А что же Запад? «Просвещенные» и «цивилизованные» государства Европы и Северной Америки, одобряя пацифистские устремления и действия России, сами приспосабливали быстро развивающиеся индустриальные технологии для производства средств и орудий ведения войны, ставили на службу военного дела успехи науки и образования.

Генерал-майор генерального штаба Е. И. Мартынов по этому поводу в канун Русско-японской войны говорил так: «В то время как политика самых культурных государств все более и более проникается идеей беспощадного эгоизма, а западные университеты (например, германские) являются очагами национального духа — в то время в полуобразованной России с кафедры, в литературе и в прессе систематически проводятся взгляды, что национализм есть понятие отжившее, что патриотизм недостоин современного «интеллигента», который должен в равной мере любить все человечество, что война есть остаток варварства, армия — тормоз прогресса и т.п.».

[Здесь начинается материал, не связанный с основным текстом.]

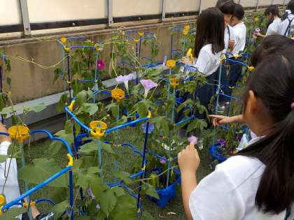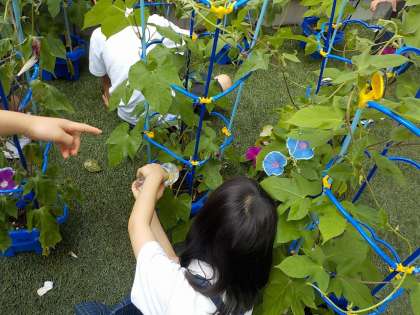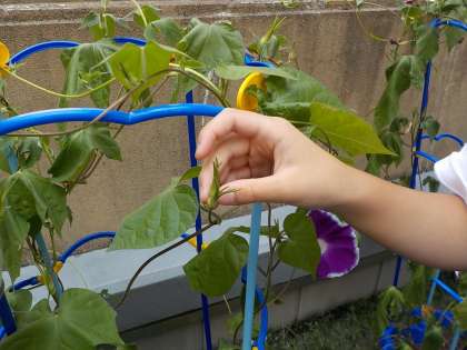 先週、何人もの子のアサガオが咲いていましたが、今週に入ってまた一段とアサガオの花が増えました。「ぼく10こも咲いたよ!」という子もおり、驚いてすぐにみんなで見に行きました。まだまだ咲いていない鉢もありましたが、たくさん咲いている鉢が増えてきました。7月に入って、アサガオも夏を感じたのでしょうか。夏本番になると、もっともっと咲くかな?ぼくたちわたしたちのアサガオ!

В этих условиях трезвый подход к определению военного будущего страны в наступавшем XX в. был невозможен. Почти все быстро множившиеся политические течения, существовавшие в то время в России, жаждали избавить ее и все человечество от войн. На практике они нередко способствовали тому, что страна

[357]

оказывалась не готовой или не способной сдерживать вооруженную агрессию и вести войну в соответствии со своими национально-государственными интересами. Феномен «массового обольщения миром» сыграл в истории России XX в. негативную роль.

Вторая группа факторов, оказавших влияние на состояние взглядов отечественной военной мысли, определялась произошедшими после Русско-японской войны 1904-1905 гг. изменениями в общественном сознании. В концентрированном виде они отражали следующие направления: новое содержание войны, участие в ее ведении народов, а не только армий; сравнительный анализ отношения к войне граждан (подданных) Японии и России; роль духовного фактора в отношении к войне вообще и конкретно к ее ведению; влияние внутренней политической борьбы на отношение общества к войне, ее ведению, к победе и поражению своего государства.

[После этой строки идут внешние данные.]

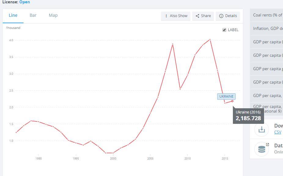 +2,5%(рост ВВП в Украине 1 квартал 2017 г к аналогичному периоду 2016 г) - после глубокого обвала 2008-2009, а также 2014-2015 годов. Почти двукратного обвала - если считать ВВП на душу в долларах(см картинку выше).

Наметился резкий всплеск военной публицистики. Наряду с традиционными периодическими изданиями («Русский инвалид», «Разведчик», «Военный сборник», «Морской сборник») появились новые: («Военный мир»{2}, «Офицерская жизнь»{3}, «Общество ревнителей военных знаний»{4}, «Известия имп. Николаевской военной академии»{5}).

Проблемы войны стали предметом бурных обсуждений среди представителей многих других слоев общества, политиков и публицистов, ученых, просто активных граждан. Война задела чувства и сознание всех неравнодушных к судьбе своей страны. Она заставила более критически оценивать многие расхожие пацифистские воззрения и проповеди, поскольку показала несостоятельность антивоенных устремлений правящих кругов и общественности России, упований на международное право и решения конференций по разоружению.
Хотя в большинстве работ по итогам Русско-японской войны речь шла о недостатках организационно-технического характера, в то же время появляются новые исследования, посвященные не только конкретным событиям, но и вообще войне как общественному явлению. В связи с этим особо следует выделить статью в «Военном сборнике» (1906. № 3) под заглавием «Война как общественное явление», подписанную «Евгений Васильев». Целый ряд ее положений стоит воспроизвести по причине необычного для того времени подхода к анализу причин поражения России.

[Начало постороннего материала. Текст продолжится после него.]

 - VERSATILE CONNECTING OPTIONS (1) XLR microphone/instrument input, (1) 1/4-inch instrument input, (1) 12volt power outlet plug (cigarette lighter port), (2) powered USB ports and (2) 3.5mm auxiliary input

Статья начинается с констатации факта, что везде искали и ищут причины наших неудач в истекшей войне, а также виновных, указывая и на отдельные личности, и на целые корпорации; отмечали и отмечают как один из главных факторов несовер-

[358]

шенство внутреннего строя и социальный бюрократический непорядок; указывали и указывают на злоупотребления или неспособность отдельных лиц, плохие качества армии, на слабость дипломатии и т.п. «Кто виноват, кто виноват?» — звучит всюду, и все заняты розыском этих виноватых.

Неудачное противоборство России, громадного могущественного государства, с народом, численно слабым и едва несколько десятков лет назад сумевшим образовать настоящую государственность, — такое явление, конечно же, необыкновенно и может смутить всякого, но причины столь крупного события должны быть тоже крупны. Автор замечает, что ни внутренний непорядок, ни министерство N, ни тайный советник А, ни генерал Б единственными виновниками здесь быть не могут. Он считает, что бесспорно одна из существенных причин нашего поражения — это полнейшая неготовность России к войне с Японией, и делает вывод: «…В этой неподготовленности виноваты, конечно, не только общественный строй, не только разные министерства, а тем более отдельные личности, но, главным образом, виновато все общество, ибо эта неподготовленность вытекла непосредственно и логически из неподготовленности самого общества, а это происходило оттого, что мы не хотели никакой войны вообще, мало того, не верили даже в ее возможность, всеми силами открещиваясь от ее призрака». По его мнению, именно в этом надо «искать главную причину наших неудач».
Исследованием прошедшей войны с позиции анализа ее как целостного общественного явления занялись и известные, и еще мало заявившие о себе военные теоретики — Е. И. Мартынов, С. К. Гершельман, А. А. Свечин, Н. Л. Кладо, В. Ф. Новицкий, В. А. Апушкин, Д. П. Парский.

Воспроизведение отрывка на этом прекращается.